On 15th September, 1975 the assessee submitted a price list showing the assessable value of the dyes manufactured by it on the basis of the wholesale price charged by it to Atul Products Limited and Crescent Dyes and Chemicals Limited. The Superintendent of Central Excise demanded certain information from the assessee with a view to satisfying himself as regards the correctness of the price list submitted by the assessee and the requisite in formation was furnished by the assessee by its letter dated 23rd September, 1975. Thereafter correspondence ensued between the assessee on the one hand and the Superintendent of Central Excise on the other and ultimately on 29th October, 1975 the Assistant Collector of Central Excise approved the price list submitted by the assessee. The assessee thereafter went on clearing the dyes manufactured by it after payment of excise duty on the basis of the price list submitted by the assessee and approved by the Assistant Collector. Then again some further correspondence took place between the assessee and the Central Excise Authorities by which certain information demanded by the Central Excise Authorities 936 was supplied by the assessee. The Superintendent of Central Excise, however, issued a notice to the assessee an 31st July, 1976 calling upon the assessee to show cause why the earlier decision of the Assistant Collector approving the price list should not be reviewed on the ground that the assessee on the one hand and Atul Products Limited and Crescent Dyes and Chemicals Limited on the other were "related persons" and the assessable value of the dyes manufactured by the assessee was, therefore, liable to be calculated on the basis of the price at which Atul Products Limited and Crescent Dyes and Chemicals Limited sold the dyes to the dealers and the consumers. The assessee was required to show cause why the differential duty worked out on the basis of the selling price charged by Atul Products Limited and Crescent Dyes and Chemicals Limited should not be recovered from the assessee with effect from 1st October, 1975. The assessee in its reply dated 31st August 1976 raised several contentions in answer to the show cause notice and pointed out inter alia that the assessee on the one hand and Atul Products Limited and Crescent Dyes and Chemicals Limited on the other were not "related persons"

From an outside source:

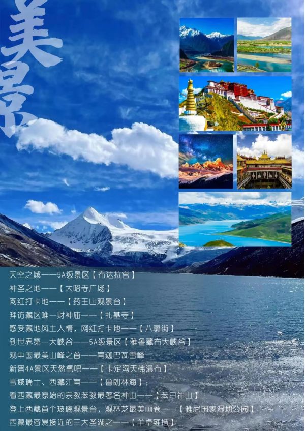 青藏9日游 聊城發(fā)團(tuán) 純玩 無購物 西寧 拉薩 布達(dá)拉宮 藥王山觀景臺 大昭寺廣場 八角街 卡定溝 雅魯藏布大峽谷 尼洋河景觀帶 南迦巴瓦雪峰 ...... 發(fā)團(tuán)日期 20230616 20230620 價格 4588 報名電話 0635 8681234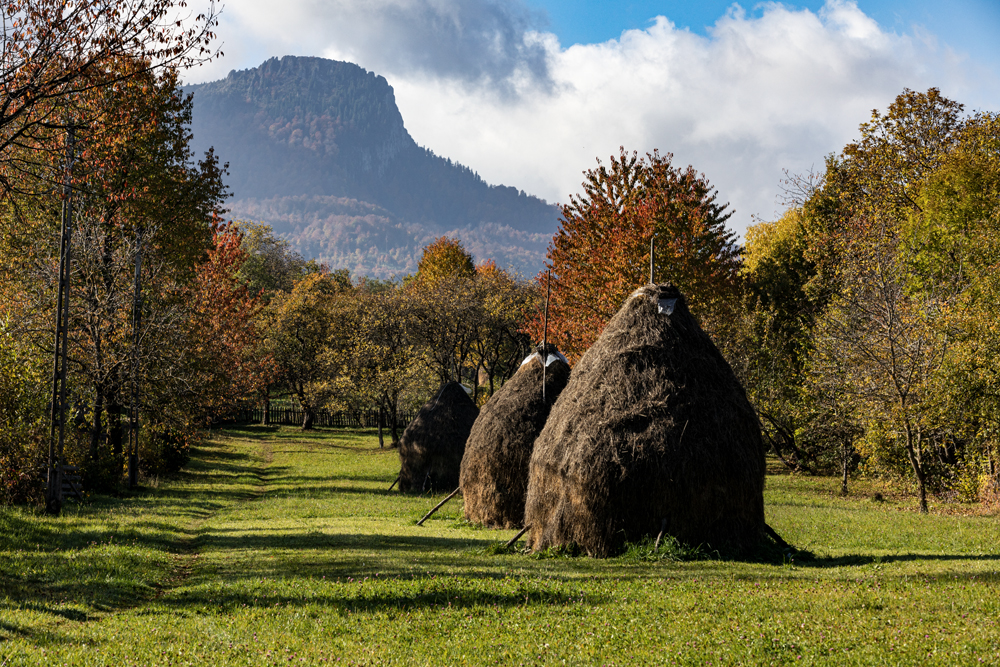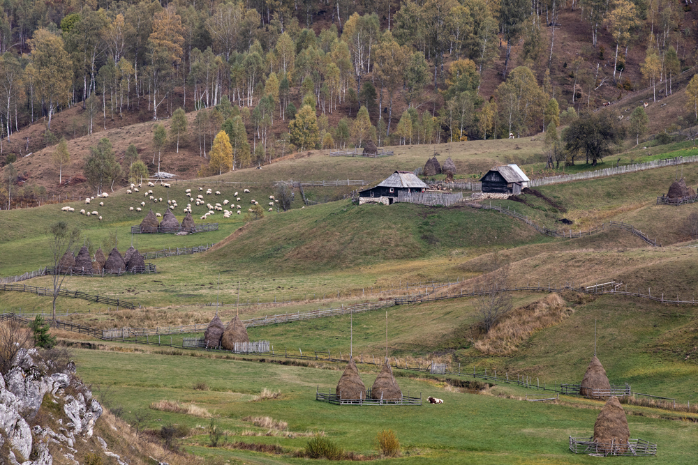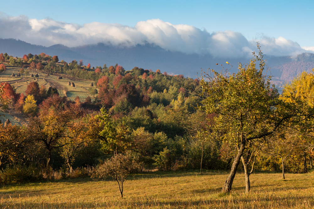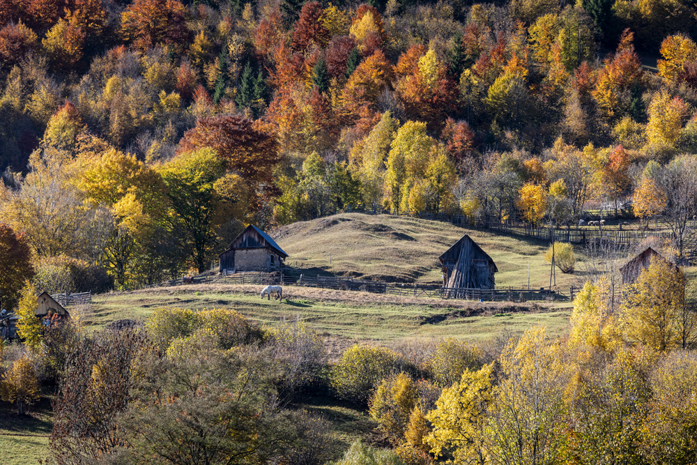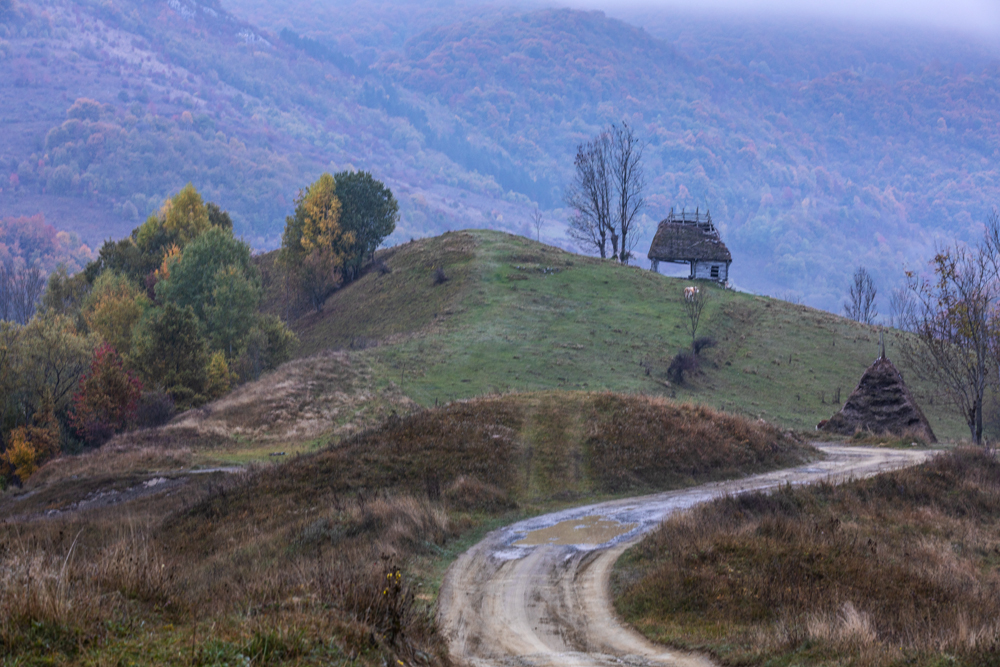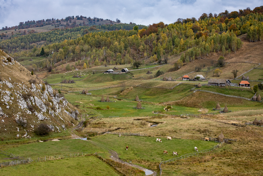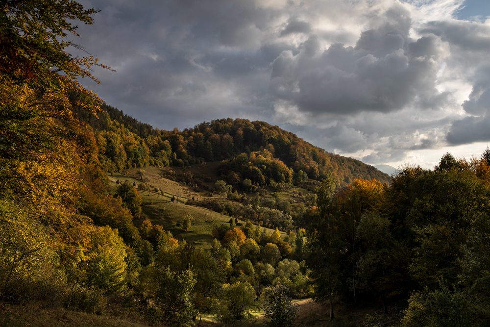 …wir schreiben das Jah 2021 und wir sind nicht in den unendlichen Weiten des Weltraums, nein wir sind nur in der Wildnis der Westkarpaten und machen eine Tour durch die Sureano Berge. Zugegeben ein abgelegenes Fleckchen Erde und außer ein paar Hirten mit ihren Schafherden begegnet uns niemand an diesem Tag. Die Anfahrt dorthin ist anspruchsvoll. Mit einem allradgetriebenen Untersatz, wär‘s ein Kinderspiel, aber den haben wir leider nicht. Tagelange Regenfälle haben die Piste ausgespült und für die knapp 26 km benötigen wir mehr aus 2.5 Stunden. Die Täler sind von satten Weiden und Heuhaufen für das Winterfutter gesäumt. An den Hängen grasen Kühe und Schafe. Der Tag hat sich noch nicht entschieden, ob er ein „guter“ werden will. Nach einer anstrengenden Wanderung genießen wir immer wieder die Ausblicke in die sonnendurchfluteten Seitentäler, die von der Pracht der Herbstfarben geradezu zu bersten scheinen.

within the meaning of the definition of that term contained in sub-clause (c) of sub-section (4) of section 4 of the amended Central Excise and Salt Act, 1944. The Assistant Collector was, however, not satisfied with the explanation offered by the assessee and he ultimately by an order dated 10th December, 1976 reviewed his earlier order of approval of the price list and confirmed the demand differential duty with retrospective effect from 1st October, 1975 and directed the assessee to file a fresh price list on the basis of the selling price charged by Atul Products Limited and Crescent Dyes and Chemicals Limited. The demand for differential duty computed by the Superintendent of Central Excise for the period from 1st October, 1975 to 31st December, 1976 came to an aggregate amount of Rs. 1,17,77,737,65. The assessee thereupon filed a writ petition in the High Court of Gujarat challenging the validity of the demand made by the Assistant Collector and in the meanwhile also preferred an appeal before the Appellate Collector. The Appellate Collector rejected the appeal of the assessee without examining the merits of the grounds raised by the assessee since he took the view that all these grounds would be decided in the writ petition pending before the High Court and no useful purpose would be served by his considering the self-same grounds.
937
The assessee urged several grounds in support of the writ petition before the High Court but it is not necessary to refer to them in detail, because the High Court ultimately decided the writ petition in favour of the assessee only on two grounds and it will, therefore, be enough if we refer to those two grounds alone and consider whether the decision of the High Court is correct in so for as it decided those two grounds in favour of the assessee. The first ground was that the concept of "related person"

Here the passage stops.